Thinking about it today, with the failure of the idea of partition, now that the demographic/ethnic proportions are the opposite of then (at present Jews are a majority, then the Arabs were a majority), it's safer to think in terms of a federated state or at least to give it a try. The fashion is no longer partition. Then, after WWII, world borders were fluid. Now the international borders are rigid, and the international community is more prone to think in terms of soft internal boundaries and federated states. So today maybe we should reopen the dilemma of 1947 and adjust it to the present situation.
bitterlemons: Were the 1947 borders--the Bosnia-like partition map of interlocking cantons--viable?
Benvenisti: They were not meant to be implemented. Especially in Jerusalem, Jaffa, western Galilee--the triangles and points where the cantons merged. Bosnia is a good example of a successful decision to maintain old rigid international boundaries but with soft borders inside. Had UNGAR 181 been implemented like at Dayton by the international community after a terrible war it could have worked. But this did not happen. Instead, the Jews saw UNGAR 181 as an opening to legitimize their state and expand. Ben Gurion said as much: this is what we take now.
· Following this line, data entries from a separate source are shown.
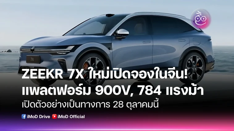 Zeekr ได้เปิดจอง Zeekr 7X รุ่นใหม่อย่างเป็นทางการแล้ว โดยครั้งนี้ถือเป็นการอัปเกรดสเปคครั้งใหญ่ที่น่าจับตามอง ทั้งการเพิ่มมอเตอร์ที่ทรงพลังขึ้นสูงสุดถึง 784 แรงม้า, แบตเตอรี่ที่ใหญ่ขึ้นทำให้วิ่งได้ไกลสุด 802 กม. (CLTC) และที่สำคัญคือการนำแพลตฟอร์ม 900V มาใช้เป็นมาตรฐาน
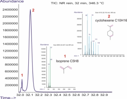 在 NR 分解的起始點(diǎn)(32min,346.3°C),主要的揮發(fā)產(chǎn)物為 isoprene C5H8(TIC 色譜圖的峰1),以及 1-methyl-4-(1-methylethenyl)-cyclohexene C10H16(峰 2)。
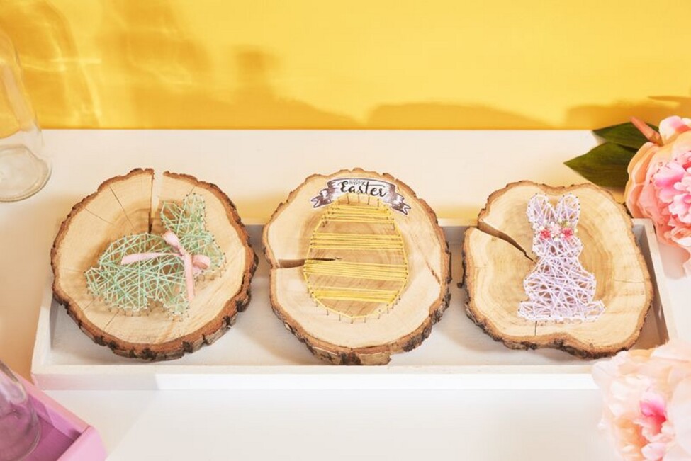 7. Infine, utilizzate i timbri in silicone per creare uno striscione, che potrete etichettare a vostro piacimento. Basta ritagliarlo e incollarlo al disco dell'albero con la colla artigianale. La vostra grande decorazione pasquale è pronta.
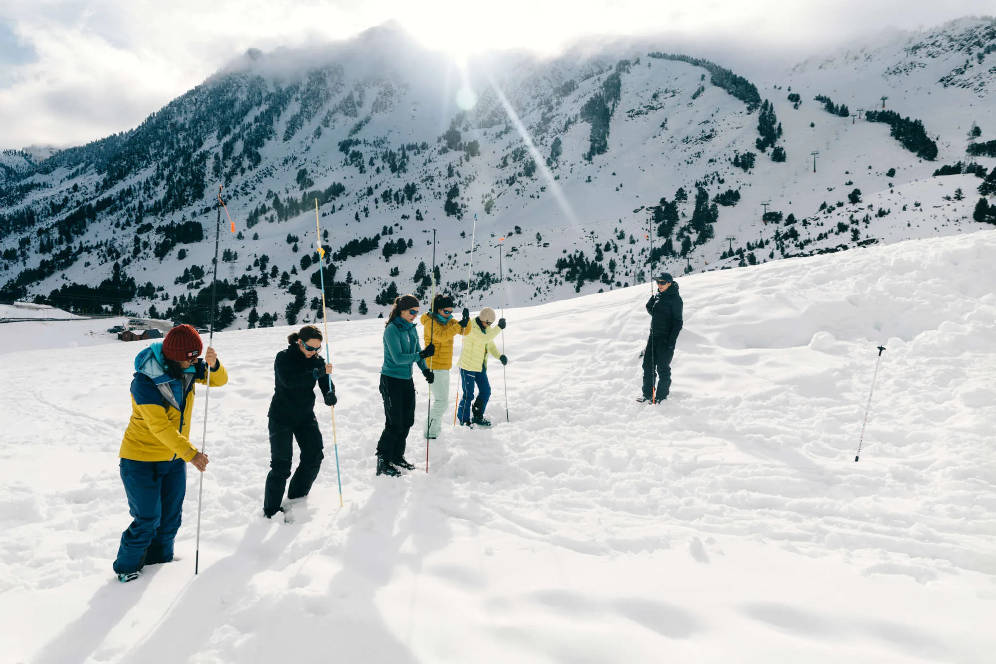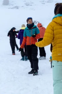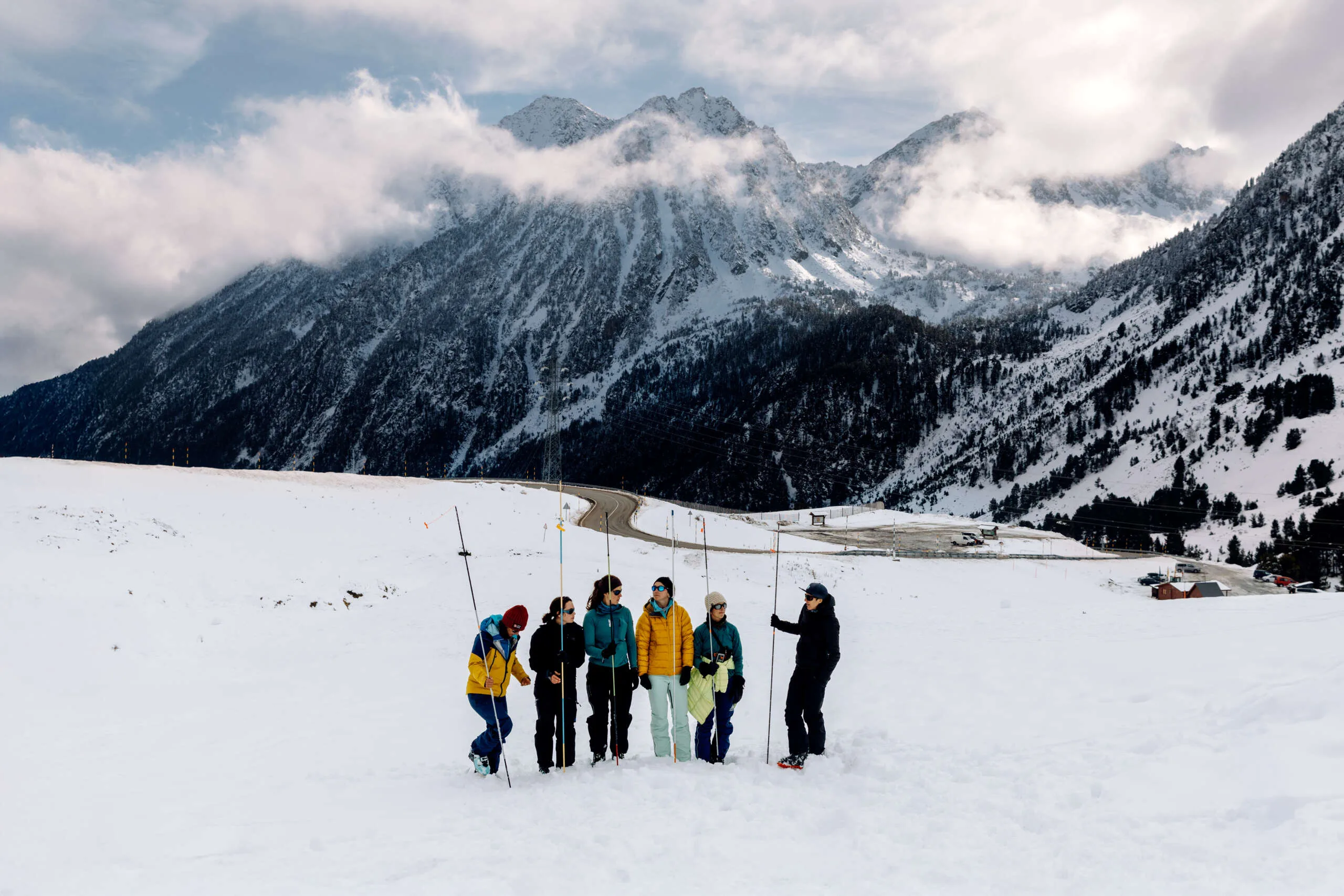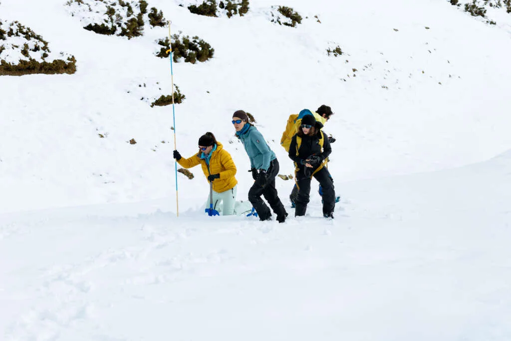 Los dos días siguientes se desarrollaron íntegramente en el Val d’Aran y estuvieron centrados en la seguridad en terreno de aludes. Junto a Montse Bacardit, nivóloga y predictora de avalanchas en el Val d’Aran, las deportistas realizaron el curso de Seguridad en Terreno de Aludes (Nivel 1) de la ACNA. Esta formación combinó contenidos teóricos con salidas prácticas sobre el terreno, proporcionando herramientas y conocimientos fundamentales para circular con mayor seguridad en entornos invernales.

So if you think in terms of bi-zonal confederation as in Bosnia or Cyprus the answer is yes, the borders were viable. For this you need an atmosphere of cooperation and agreement to demographic status quo and this was not the case. Instead, one side (the Arabs) was weak and militarily aggressive, while the other was dynamic, wanting to bring millions of Jews to Israel, based on the UNGAR 181 foothold. The raison d'etre of the Jewish acceptance of the partition plan was a Zionist plan to expand. We should be proud that we strategically won that diplomatic battle and made it the foundation of a state. But we did not, as the myth says, accept a compromise while the other side rejected it. The objective of UNGAR 181 was not to solve the conflict from the Jews' point of view, but rather to create a Jewish state as a safe haven for victims of the Holocaust. The rest is commentary.
bitterlemons: UNGAR 181 has returned to Israeli parlance in the last few years, in the context of the peace process, because it provides the international legal foundation for Israel as a Jewish state. Suppose the Arabs had accepted it in 1947.
Benvenisti: If we suppose the Arabs embraced UNGAR 181, this would mean an internationalized Jerusalem, the 1947 borders, equal rights for Palestinians in the Jewish state, near demographic parity, and Jews forbidden to expropriate Arab lands. This is a typical ahistoric question, because it is trying to invoke something that was meant to deal with an entirely different situation of 57 years ago, so much so that in 1948 people like me were for partition, and now we support a federated state--just to show how things have changed.- Published 13/9/2004 (c) bitterlemons.org
Meron Benvenisti is former deputy mayor of Jerusalem, an historian, and a columnist for Haaretz.